It is possible to do it yourself, if you are comfortable with these steps...

Take your deed.  Copy it, word-for-word, using the same eggsact format + language.
... Except where it says "Grantor," use the name/address of the current "Grantee(s)."
... and for "Grantee," use the names/addresses of whoever you want to be owners.
... (including yourself)... Also change the "Prepared by" + "Return to" notations.
Then have it signed, witnessed and notarized, just like the old deed.
_It doesn't matter if it's a Warranty Deed or Quitclaim Deed, since it's in the family._

Call the County Clerk's Public Records Division where the TS is located.
Get a fee quote & send them the deed, a check, and a stamped, return envelope.
After the deed is returned, send it to HGVC with a letter saying "This is not a sale."
.


----------



## vincepecoraro (Sep 22, 2015)

I figured it couldn't be that hard. I have done it a few times in OH. 

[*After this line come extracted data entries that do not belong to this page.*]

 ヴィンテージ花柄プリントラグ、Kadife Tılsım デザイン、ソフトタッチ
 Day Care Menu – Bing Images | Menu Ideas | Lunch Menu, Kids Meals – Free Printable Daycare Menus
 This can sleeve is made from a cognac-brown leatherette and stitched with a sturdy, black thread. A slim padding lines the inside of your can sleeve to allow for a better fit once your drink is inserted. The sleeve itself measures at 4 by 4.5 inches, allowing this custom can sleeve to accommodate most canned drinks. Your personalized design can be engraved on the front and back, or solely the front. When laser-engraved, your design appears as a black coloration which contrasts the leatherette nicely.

Thank you all of the help!


----------



## 1Kflyerguy (Oct 1, 2015)

Hello,  slightly different twist on this.

We are taking our first TS trip with friends.  We are heading to Elara later in Oct.  I have two one bedrooms booked, they are on separate reservations, as we are actually staying as part of VIP package.

We will be checking in together, so in theory i don't need a guest certificate.  What are the odds they will change name associated with the second room at time of check-in, or at least allow my friends credit card to be associated with the room for any charges?

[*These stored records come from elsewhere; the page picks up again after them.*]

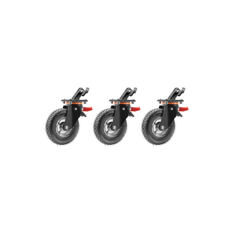 The set of three Montreal Big Wheel casters from SHAPE adds mobility to light stands with 1" wide legs. These wheels feature 8" diameter inflatable pneumatic tires for smooth movement on rugged terrain.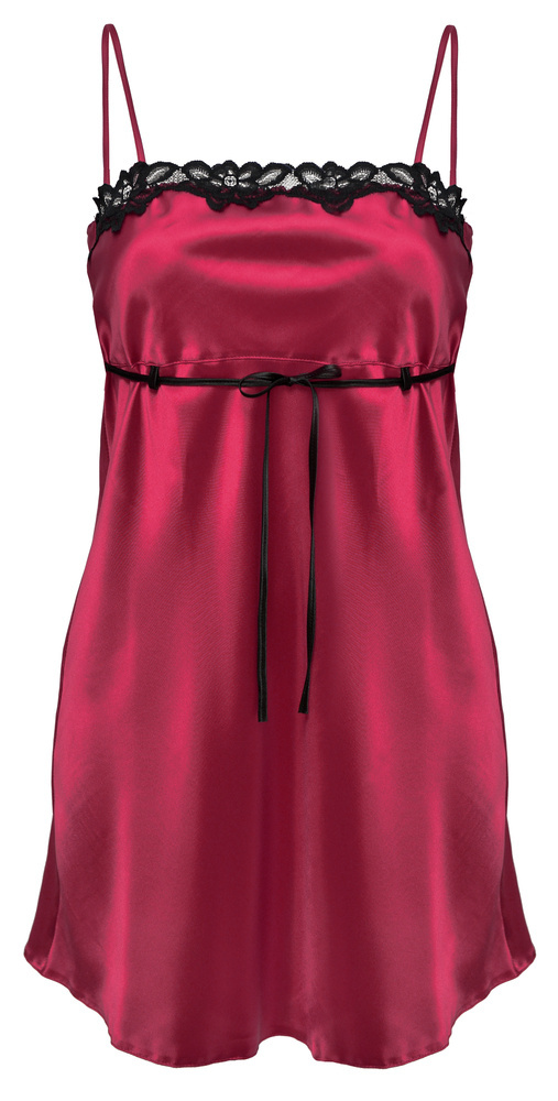 Zmysłowa satynowa haleczka, z ozdobnym przodem z czarnej koronki, pod biustem wiązana kokardką.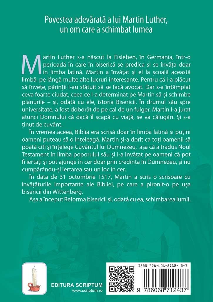 In vremea aceea, Biblia era scrisa doar in limba latina si putini oameni puteau sa o inteleaga. Martin si-a dorit ca toti oamenii sa poata citi si intelege Cuvantul lui Dumnezeu, asa ca a tradus Noul Testament in limba poporului sau si i-a invatat pe oameni ca pot fi iertati si pot ajunge in cer doar prin credinta in Dumnezeu, si nu cumparandu-si iertarea sau un loc in cer.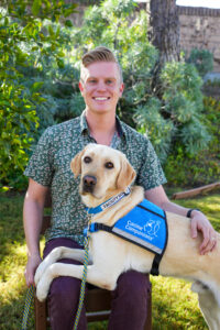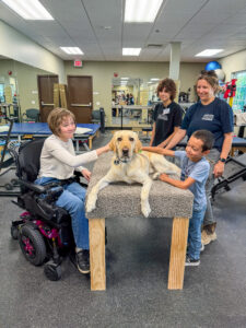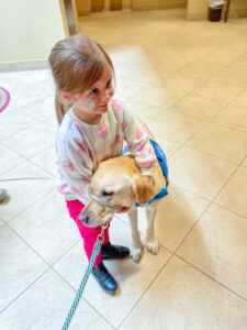 After puppy raising, Tex underwent 6 months of professional training with Canine Companions. Matt then completed a 2-week “team training” to learn how to care for and work alongside Tex. On day three, Tex and Matt were paired, and it was clear from their first meeting that Tex was the perfect fit for Shea! Today, Tex completes yearly recertifications to maintain his status as a facility dog.

Just trying to avoid the certificate fee if possible, but don't want any hassles either....


----------



## raygo123 (Oct 1, 2015)

If you are VIP, have you used your GC up?  If you have not just call and change the name to their's on the reservation.  It is free. Silver has 5, see page 339.

Sent from my Nexus 7 using Tapatalk


----------



## SmithOp (Oct 1, 2015)

1Kflyerguy said:


> Hello,  slightly different twist on this.
> 
> 
> 
> ...




Ive done similar in Hawaii, had units booked at Kingsland and Bay Club.  I checked in at Kingsland and added my brother-in-laws name at the desk and used his credit card.  They asked for all guest names, up to the 6 limit for the 2br I reserved.

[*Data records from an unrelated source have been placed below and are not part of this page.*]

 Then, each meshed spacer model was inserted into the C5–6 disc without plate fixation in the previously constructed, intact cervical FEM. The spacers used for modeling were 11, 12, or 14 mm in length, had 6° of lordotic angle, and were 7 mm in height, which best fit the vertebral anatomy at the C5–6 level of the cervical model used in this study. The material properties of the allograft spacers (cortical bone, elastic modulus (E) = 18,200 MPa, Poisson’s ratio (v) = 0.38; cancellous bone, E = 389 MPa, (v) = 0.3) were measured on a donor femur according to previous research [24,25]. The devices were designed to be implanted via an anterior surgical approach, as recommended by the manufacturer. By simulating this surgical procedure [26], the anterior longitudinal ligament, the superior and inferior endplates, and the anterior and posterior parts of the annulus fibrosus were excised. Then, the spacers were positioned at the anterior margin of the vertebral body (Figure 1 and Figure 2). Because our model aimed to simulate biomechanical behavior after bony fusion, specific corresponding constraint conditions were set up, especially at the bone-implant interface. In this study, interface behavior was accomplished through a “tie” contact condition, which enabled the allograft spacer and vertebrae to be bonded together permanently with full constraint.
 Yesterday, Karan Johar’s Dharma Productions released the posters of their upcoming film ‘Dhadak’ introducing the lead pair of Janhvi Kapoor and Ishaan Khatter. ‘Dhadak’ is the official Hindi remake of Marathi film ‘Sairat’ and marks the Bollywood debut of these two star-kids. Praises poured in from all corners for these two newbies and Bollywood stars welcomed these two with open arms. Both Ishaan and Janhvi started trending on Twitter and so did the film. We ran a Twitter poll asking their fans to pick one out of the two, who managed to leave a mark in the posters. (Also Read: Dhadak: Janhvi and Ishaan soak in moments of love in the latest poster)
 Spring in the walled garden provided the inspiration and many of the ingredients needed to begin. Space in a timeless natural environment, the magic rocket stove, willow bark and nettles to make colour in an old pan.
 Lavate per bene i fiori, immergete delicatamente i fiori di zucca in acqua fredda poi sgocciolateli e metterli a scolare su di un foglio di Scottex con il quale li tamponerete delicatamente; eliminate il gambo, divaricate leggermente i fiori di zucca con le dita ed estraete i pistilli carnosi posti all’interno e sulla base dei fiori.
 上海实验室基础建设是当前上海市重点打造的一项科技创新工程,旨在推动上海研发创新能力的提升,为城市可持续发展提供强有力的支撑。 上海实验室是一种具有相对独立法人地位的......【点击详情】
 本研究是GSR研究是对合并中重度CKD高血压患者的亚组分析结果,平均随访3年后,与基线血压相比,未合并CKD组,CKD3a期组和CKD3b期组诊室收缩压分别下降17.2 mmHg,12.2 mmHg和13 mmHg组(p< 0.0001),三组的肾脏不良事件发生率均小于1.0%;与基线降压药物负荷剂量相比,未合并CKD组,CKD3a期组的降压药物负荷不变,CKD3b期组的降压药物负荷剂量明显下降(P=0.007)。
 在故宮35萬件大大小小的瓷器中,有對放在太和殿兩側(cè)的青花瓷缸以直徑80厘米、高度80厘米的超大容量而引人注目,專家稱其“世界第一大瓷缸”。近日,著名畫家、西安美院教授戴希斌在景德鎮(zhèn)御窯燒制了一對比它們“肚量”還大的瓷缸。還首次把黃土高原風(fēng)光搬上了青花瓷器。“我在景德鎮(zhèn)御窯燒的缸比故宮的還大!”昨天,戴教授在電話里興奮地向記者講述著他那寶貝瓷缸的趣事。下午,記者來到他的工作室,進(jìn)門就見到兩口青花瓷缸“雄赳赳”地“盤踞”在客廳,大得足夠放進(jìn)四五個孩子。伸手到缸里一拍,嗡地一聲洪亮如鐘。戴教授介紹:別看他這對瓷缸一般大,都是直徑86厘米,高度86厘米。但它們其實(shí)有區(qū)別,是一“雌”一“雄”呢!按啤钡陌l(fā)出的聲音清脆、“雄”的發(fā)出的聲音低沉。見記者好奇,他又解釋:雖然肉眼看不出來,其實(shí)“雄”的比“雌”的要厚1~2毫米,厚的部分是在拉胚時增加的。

Sent from my iPad using the strange new version of Tapatalk


----------



## JSparling (Oct 1, 2015)

http://tugbbs.com/forums/showthread.php?t=231978


----------



## 1Kflyerguy (Oct 2, 2015)

SmithOp said:


> Ive done similar in Hawaii, had units booked at Kingsland and Bay Club.  I checked in at Kingsland and added my brother-in-laws name at the desk and used his credit card.  They asked for all guest names, up to the 6 limit for the 2br I reserved.
> 
> 
> Sent from my iPad using the strange new version of Tapatalk



Thanks, that is exactly what i am hoping to do!


----------



## Ron98GT (Oct 18, 2016)

*GC Flamingo Question*



SmithOp said:


> Ive done similar in Hawaii, had units booked at Kingsland and Bay Club.  I checked in at Kingsland and added my brother-in-laws name at the desk and used his credit card.  They asked for all guest names, up to the 6 limit for the 2br I reserved.
> 
> 
> Sent from my iPad using the strange new version of Tapatalk


I know this is an old thread, but I thought this would be a good place for my question.

Got a studio for a friend at the HGVC Flamingo starting December 29th for 4 nites, over New Years.  The DW and I will be staying at the HGVC Elara, down the street.  The Flamingo reservation is in my name and I have not gotten a Guest Certificate. 

If I go down to the Flamingo on the 29th, when our friend checks-in, will we be able to have the desk clerk change the name for the reserved room to our friends name and have the Flamingo scan her card for the incidentals, or will we need a GC to do this?  We never had a problem doing this with Marriott, but this is the first time I'm trying this with HGVC.

Thanks,


----------



## Cyberc (Oct 18, 2016)

Ron98GT said:


> I know this is an old thread, but I thought this would be a good place for my question.
> 
> Got a studio for a friend at the HGVC Flamingo starting December 29th for 4 nites, over New Years.  The DW and I will be staying at the HGVC Elara, down the street.  The Flamingo reservation is in my name and I have not gotten a Guest Certificate.
> 
> ...



I would just checkin together with my friend and ask that they use his cc for any purchases. Once you have checked in you could split up and you could go to Elara(very nice resort btw) my understanding is that you only need to be present during checkin.


----------



## SmithOp (Oct 18, 2016)

Ron98GT said:


> I know this is an old thread, but I thought this would be a good place for my question.
> 
> Got a studio for a friend at the HGVC Flamingo starting December 29th for 4 nites, over New Years.  The DW and I will be staying at the HGVC Elara, down the street.  The Flamingo reservation is in my name and I have not gotten a Guest Certificate.
> 
> ...





Yes, you can check a guest in, no certificate required if you are there.  There isn't a requirement that you stay at the same resort.  They will put his name on it and use his credit card for incidentals.


Sent from my iPad using Tapatalk


----------